*Task instructions:*
Each line in the data must be reproduced as written, except for any picture.

*Input data:*
------------------------------------------------------------

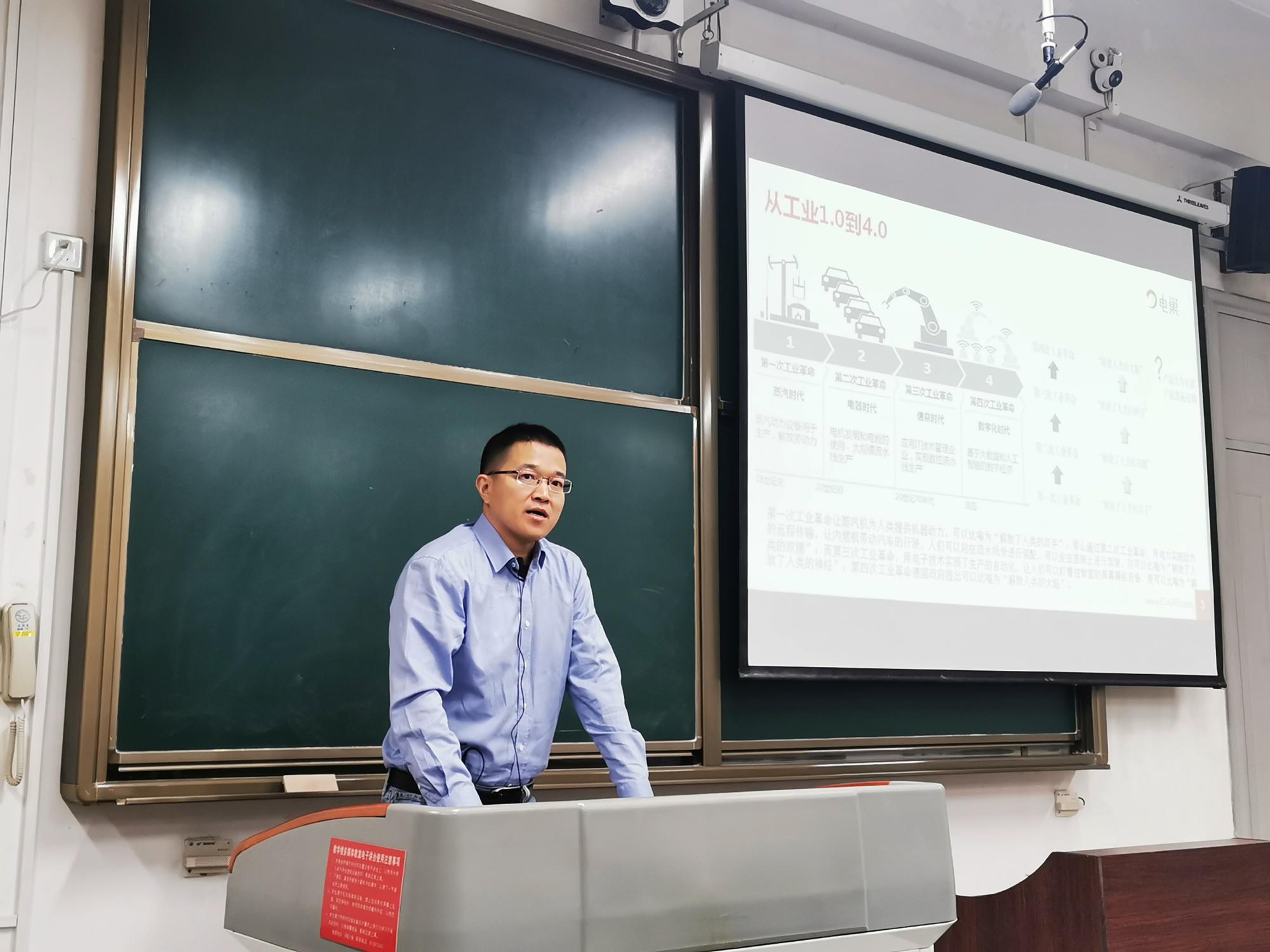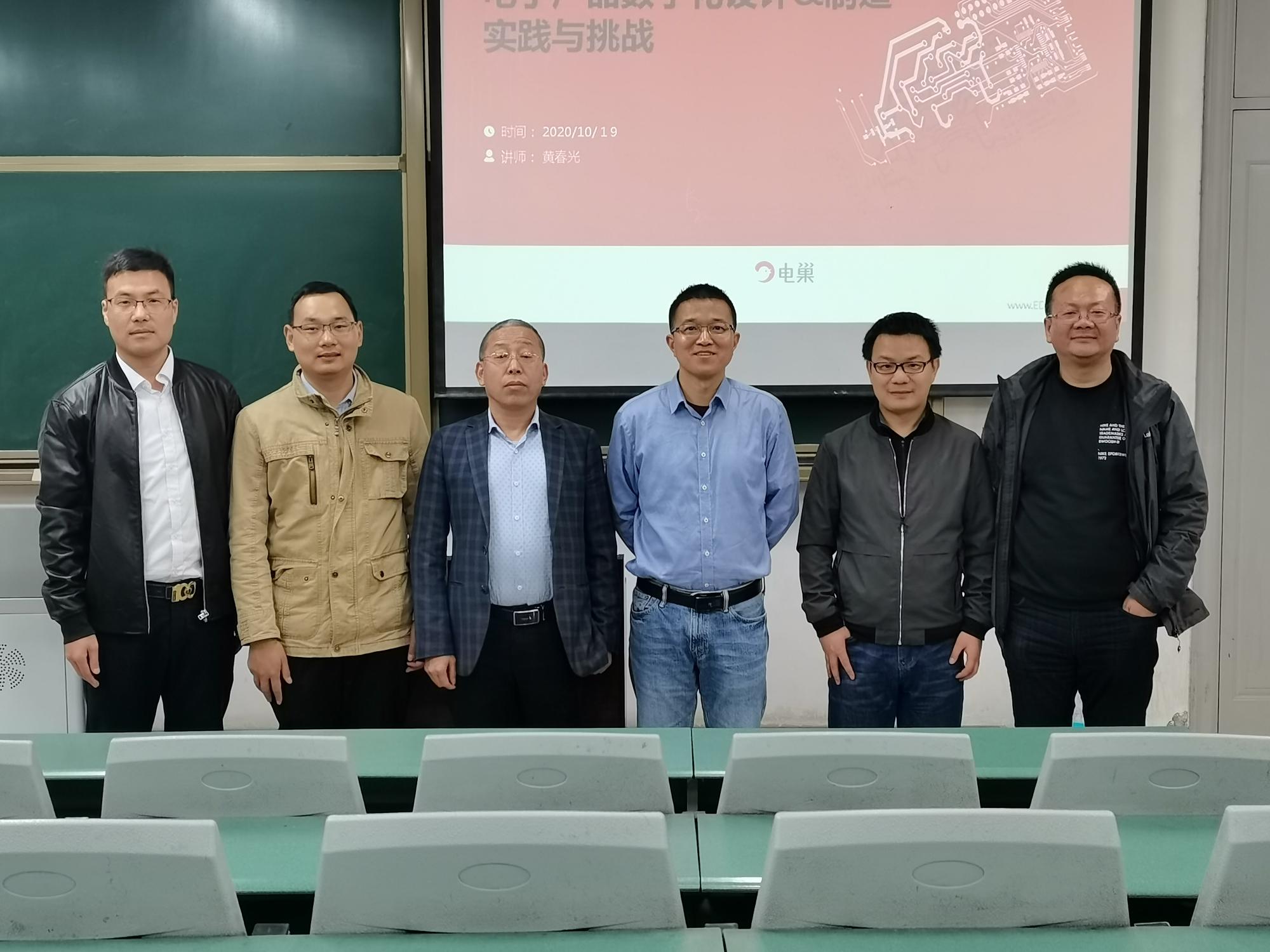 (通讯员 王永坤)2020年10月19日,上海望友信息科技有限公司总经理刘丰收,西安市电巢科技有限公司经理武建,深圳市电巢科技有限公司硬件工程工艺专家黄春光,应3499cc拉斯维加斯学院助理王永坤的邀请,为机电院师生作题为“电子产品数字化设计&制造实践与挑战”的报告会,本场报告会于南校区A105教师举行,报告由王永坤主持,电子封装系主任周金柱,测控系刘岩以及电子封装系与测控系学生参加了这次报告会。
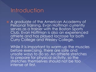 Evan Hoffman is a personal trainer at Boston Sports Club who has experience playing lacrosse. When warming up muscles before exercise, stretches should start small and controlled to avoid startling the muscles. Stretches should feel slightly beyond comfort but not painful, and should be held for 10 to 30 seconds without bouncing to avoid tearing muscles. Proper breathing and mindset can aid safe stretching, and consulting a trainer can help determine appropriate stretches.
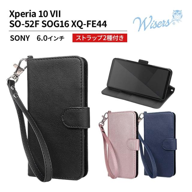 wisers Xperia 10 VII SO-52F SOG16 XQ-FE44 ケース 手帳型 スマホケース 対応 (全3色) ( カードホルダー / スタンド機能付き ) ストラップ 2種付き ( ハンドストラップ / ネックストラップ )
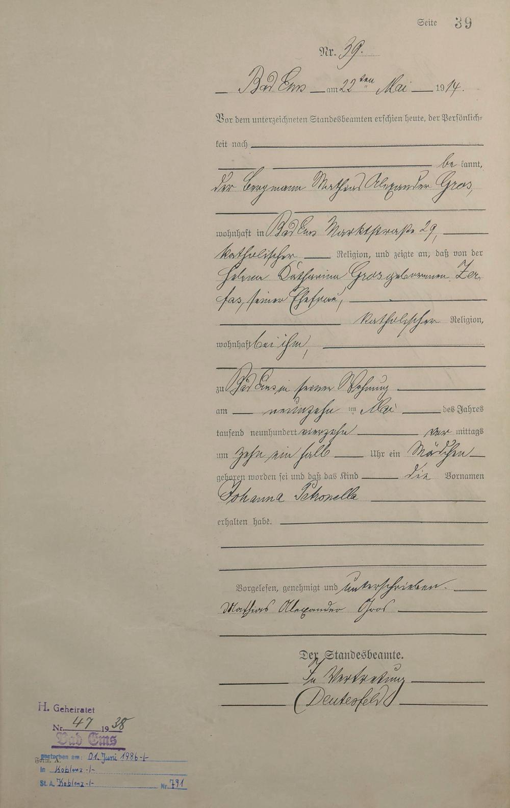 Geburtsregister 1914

------------------------------------------------------------

*Task output:*
 (通讯员 王永坤)2020年10月19日,上海望友信息科技有限公司总经理刘丰收,西安市电巢科技有限公司经理武建,深圳市电巢科技有限公司硬件工程工艺专家黄春光,应3499cc拉斯维加斯学院助理王永坤的邀请,为机电院师生作题为“电子产品数字化设计&制造实践与挑战”的报告会,本场报告会于南校区A105教师举行,报告由王永坤主持,电子封装系主任周金柱,测控系刘岩以及电子封装系与测控系学生参加了这次报告会。
 Evan Hoffman is a personal trainer at Boston Sports Club who has experience playing lacrosse. When warming up muscles before exercise, stretches should start small and controlled to avoid startling the muscles. Stretches should feel slightly beyond comfort but not painful, and should be held for 10 to 30 seconds without bouncing to avoid tearing muscles. Proper breathing and mindset can aid safe stretching, and consulting a trainer can help determine appropriate stretches.
 wisers Xperia 10 VII SO-52F SOG16 XQ-FE44 ケース 手帳型 スマホケース 対応 (全3色) ( カードホルダー / スタンド機能付き ) ストラップ 2種付き ( ハンドストラップ / ネックストラップ )
 Geburtsregister 1914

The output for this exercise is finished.